Als ze de kans krijgen, rennen muizen in een nacht vijf tot twaalf kilometer in een loopwiel. Muizen die dat doen, leren sneller en krijgen een beter langetermijngeheugen dan muizen die niet extra bewegen. Dat is de belangrijkste conclusie uit het promotieonderzoek van Karin van der Borght. Niets heeft zo'n duidelijke invloed op de vorming van nieuwe hersencellen als beweging. “Ik had juist verwacht dat het verstoren van de slaap/waak-cyclus en het aanleren van allerlei taken van grote invloed zouden zijn. Het is fascinerend om te zien dat zoiets eenvoudigs als lichamelijke activiteit zo'n grote impact heeft. Als je bedenkt dat we in een tijd leven waarin mensen juist te weinig bewegen, lijkt me dit een goed argument om toch in beweging te komen.”
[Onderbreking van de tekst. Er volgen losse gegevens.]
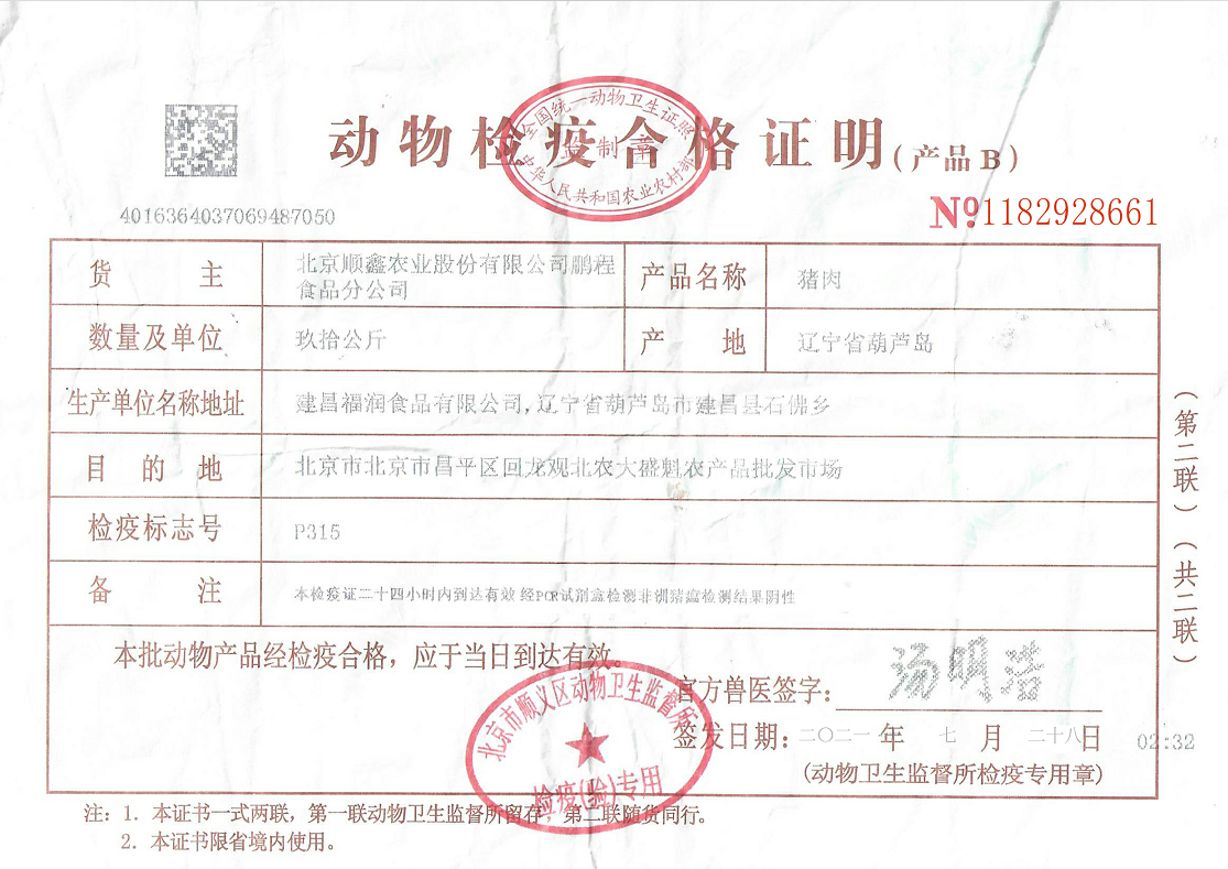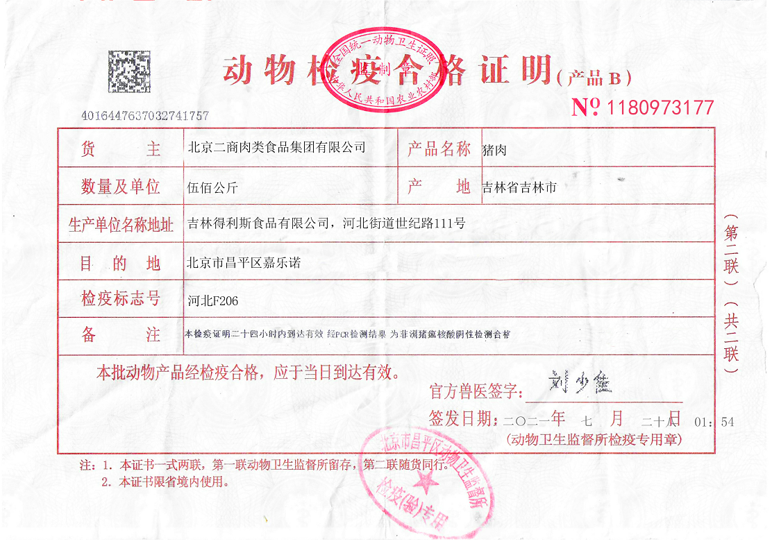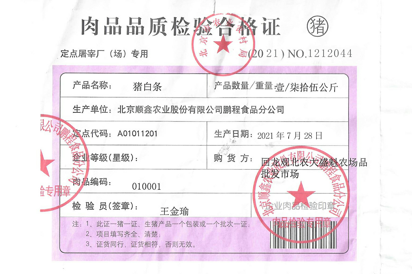 豬肉使用大紅門第五肉聯(lián)廠豬肉類,由五肉聯(lián)廠家在五肉聯(lián)廠內(nèi)進(jìn)行分割裝箱,箱體密封完整,箱外附有該批次豬肉出廠檢測(cè)證明。五肉聯(lián)冷藏車送至嘉樂(lè)諾馬上進(jìn)行冷藏銜接配送,
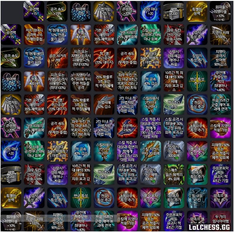 롤토체스 아이템 조합표 (V 1.07 기준)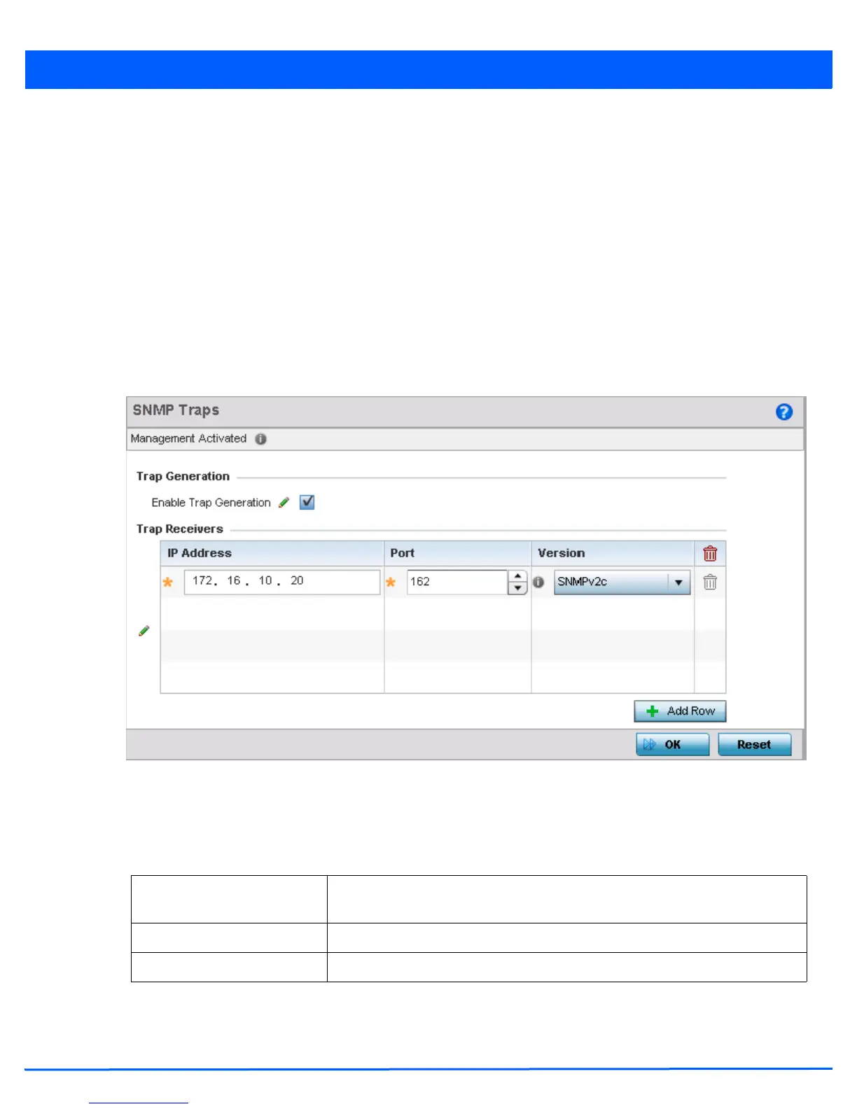 5. Select OK to update the SNMP Trap configuration. Select Reset to revert to the last saved configuration.

Activiteit bevordert aanmaak hersencellen
Dat zoogdieren na de embryonale ontwikkeling gewoon doorgaan met het aanmaken van nieuwe hersencellen is nog maar korte tijd bekend. Een van de twee gebieden in de hersenen waar dit gebeurt, is de hippocampus. Dit gebied is cruciaal bij leer- en geheugenprocessen. Van der Borght heeft verschillende factoren onderzocht die van invloed zijn op de aanmaak en overleving van hersencellen in de hippocampus. “De meest opvallende conclusie is dat lichamelijke activiteit de vorming van nieuwe neuronen in de hippocampus bevordert. Als je muizen een loopwiel geeft zodat ze kunnen rennen, neemt het aantal nieuwe neuronen aanzienlijk toe. Als je deze muizen daarna in een doolhof naar eten laat zoeken, lukt ze dat sneller dan muizen die geen extra beweging hebben gehad. Blijkbaar is hun leervermogen als gevolg van deze nieuwe hersencellen verbeterd. Laat je ze twee weken later nog eens zoeken, dan weten ze nog precies waar het eten ligt. Hun langetermijngeheugen is er dus ook op vooruitgegaan. Overigens gaat het om vrijwillige beweging: als je muizen – van nature luie dieren – dwingt om te rennen op een loopband, leidt dat alleen maar tot stress en niet tot extra neuronen.”

Het positieve effect van activiteit op de vorming van hersencellen is volgens Van der Borght vooral interessant voor Alzheimeronderzoek. “Het is bekend dat Alzheimerpatiënten geestelijk minder snel achteruit gaan als ze actief blijven. Het is goed mogelijk dat dit komt omdat ze nog steeds nieuwe neuronen aanmaken en daardoor de afbraak van hersencellen compenseren. Hiervoor is nieuw onderzoek nodig.”

Tegen de verwachting in blijkt een nachtje overslaan geen enkele invloed te hebben op het vormen van nieuwe neuronen. Van der Borght: “Bij muizen waarvan we de slaap/waak-cyclus onderbreken, zie je dat de aanmaak van nieuwe neuronen niet verandert. Ook het aanleren van nieuwe taken heeft geen invloed op de vorming van neuronen. Het ophalen van herinneringen heeft zelfs een negatief effect: als je muizen iets laat doen waarbij ze informatie moeten ophalen uit hun lange termijngeheugen, neemt de vorming van nieuwe neuronen af. Het lijkt erop of de hippocampus alleen eenrichtingsverkeer toestaat: als er informatie moet worden opgehaald, is het niet mogelijk om tegelijkertijd nieuwe neuronen te vormen.”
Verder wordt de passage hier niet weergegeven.